FDA Approves OTC Opioid Overdose Drug, Naloxone

by Staff Writer
February 16, 2023 at 9:30 AM UTC

Narcan may soon be sold over the counter for opioid overdose reversal.

Clinical Relevance: An over-the-counter (OTC) version of a proven opioid overdose reversal drug could be available soon

  • The FDA has approved OTC sales of naloxone, a drug used to reverse opioid overdoses.
  • Narcan, the brand name for naloxone, can reverse the effects of opioids and restore breathing in an overdose.
  • Opioid-involved overdose deaths have been increasing, and many states have enacted laws to increase availability of naloxone and protect bystanders who call for medical assistance.

Update: March 29th, 2023

The US Food and Drug Administration (FDA) has just approved naloxone, an over-the-counter opioid overdose reversal drug. Mental health experts applaud the move, saying that they expect it to increase access to the lifesaving medication.

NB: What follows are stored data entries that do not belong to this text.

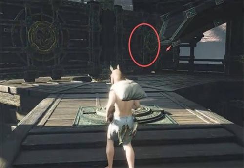 3、走水车右侧的小路绕回楼内,找到第二个发光地板机关。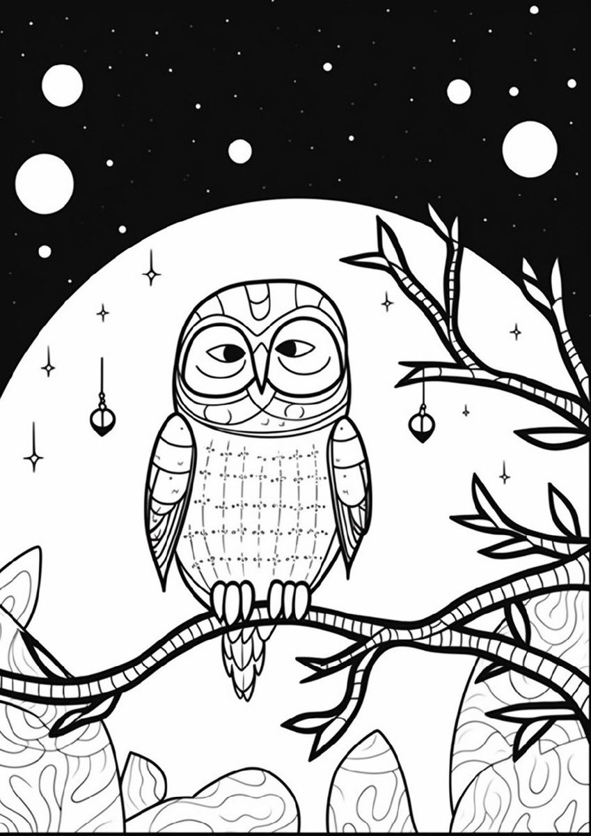 Создано на основе запроса: Children's coloring page, a cartoon-style barred owl sitting on a tree branch at night, stars and moon in
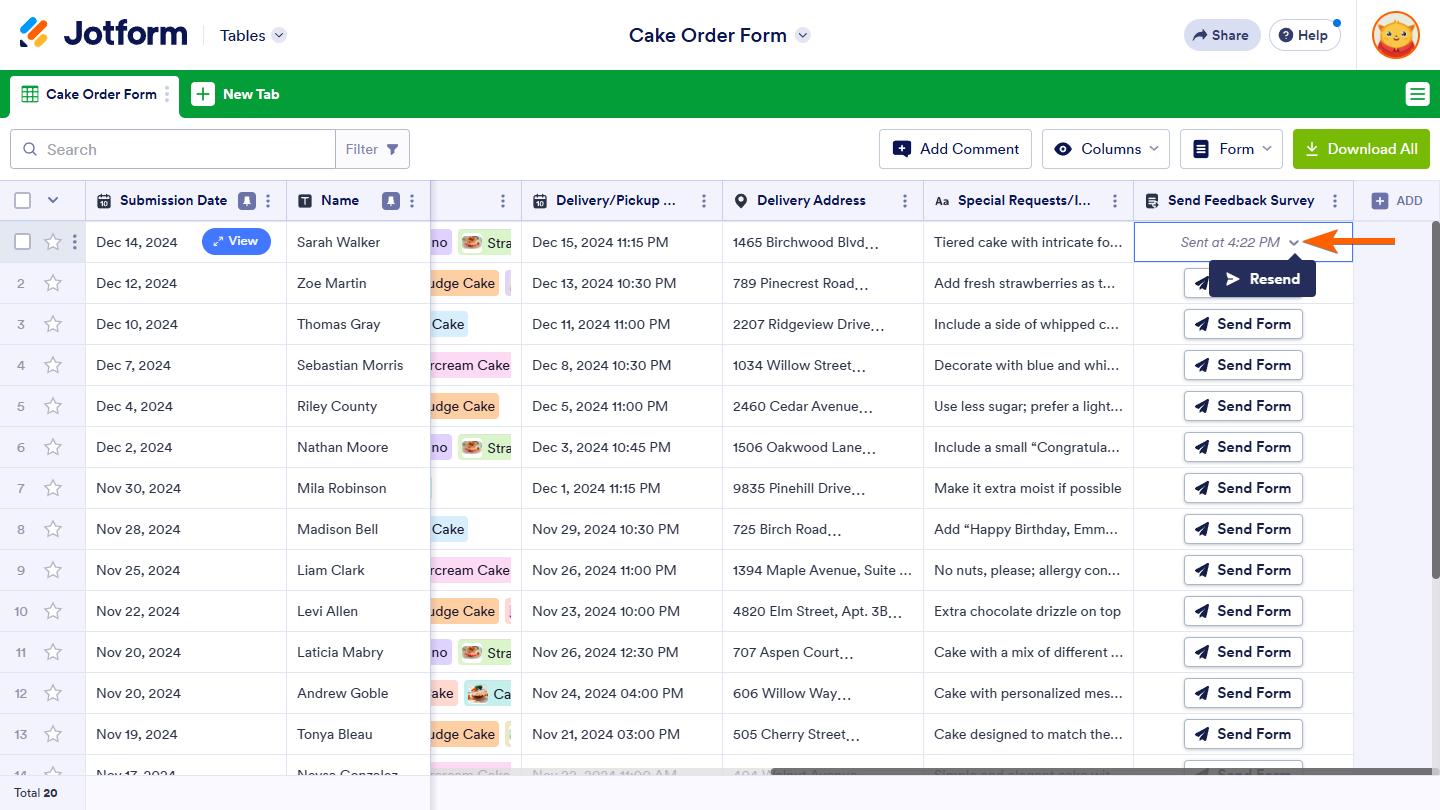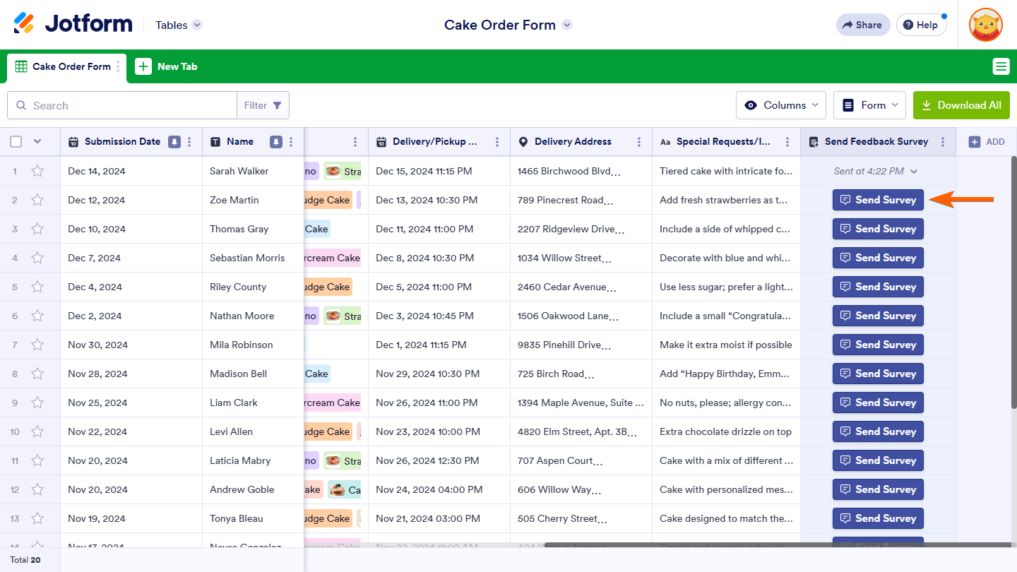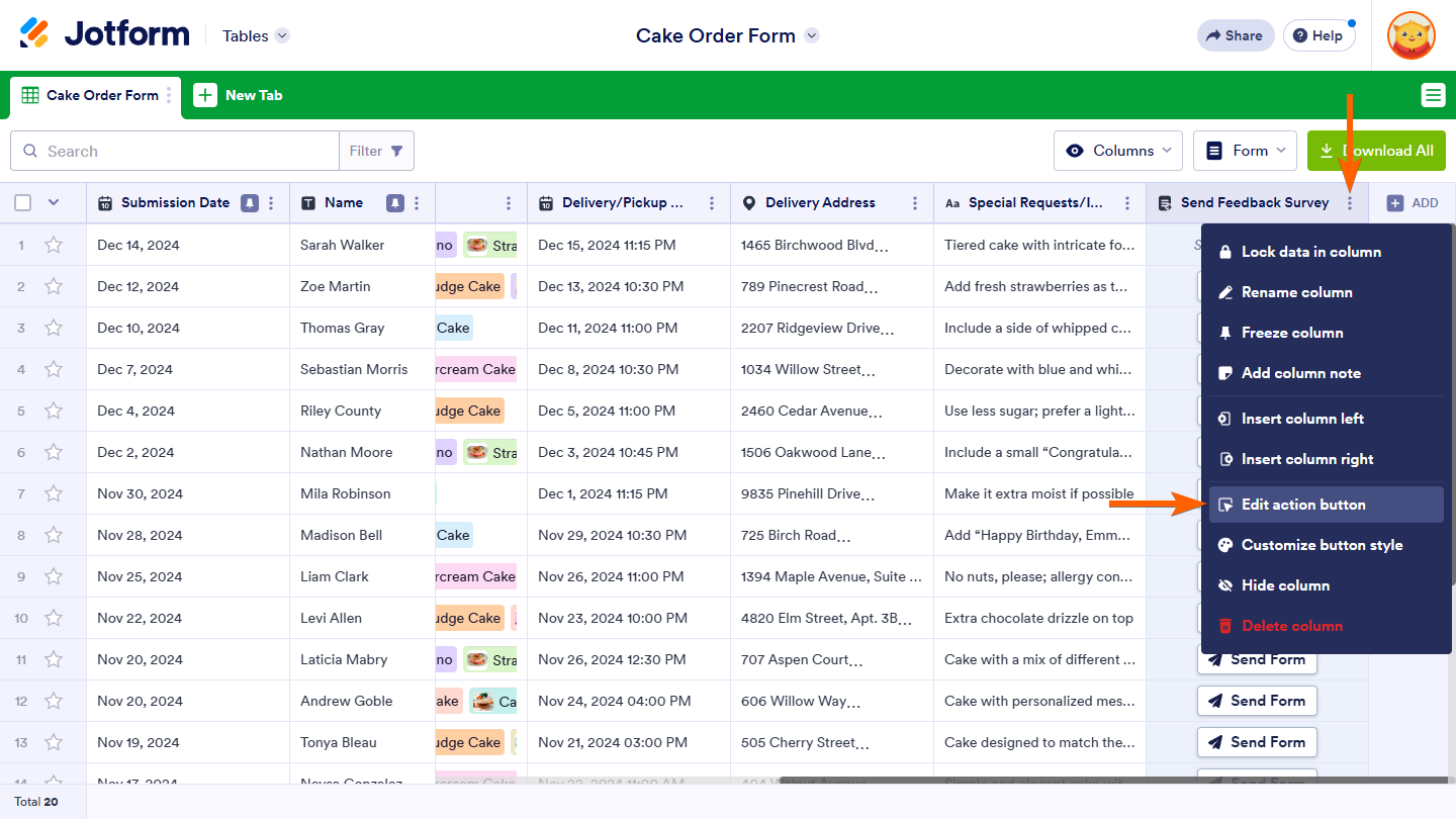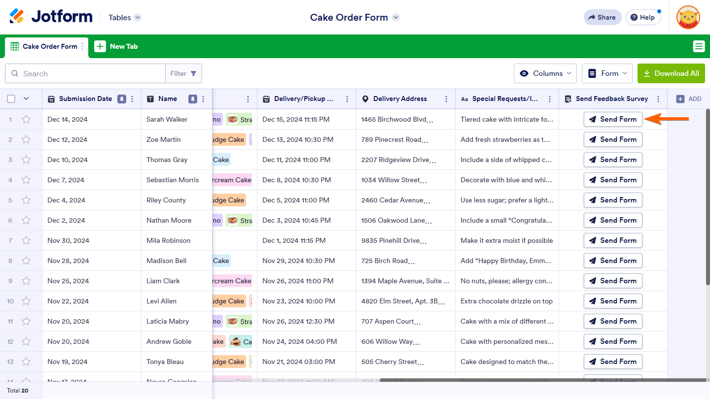 You can customize the appearance of the Send Form button in your table. If your table includes other action buttons, styling the Send Form button can make it easier to distinguish from the rest. For more details, see How to Customize Action Buttons in Jotform Tables.

The over-the-counter version will be available under the name, Narcan. It will be sold as a single dose nasal spray.  The drug is expected to make it onto shelves by late summer, according to  its maker, Emergent BioSolutions.  FDA officials have allowed places like convenience stores, grocery stores and even vending machines to carry the drug.

“Today’s approval of OTC naloxone nasal spray will help improve access to naloxone, increase the number of locations where it’s available and help reduce opioid overdose deaths throughout the country,” FDA Commissioner Dr. Robert Califf said in a statement.

The approval comes a little over a month after an advisory committee to the FDA unanimously recommended that the agency allow the drug to be sold over the counter. You can read about the approval process below.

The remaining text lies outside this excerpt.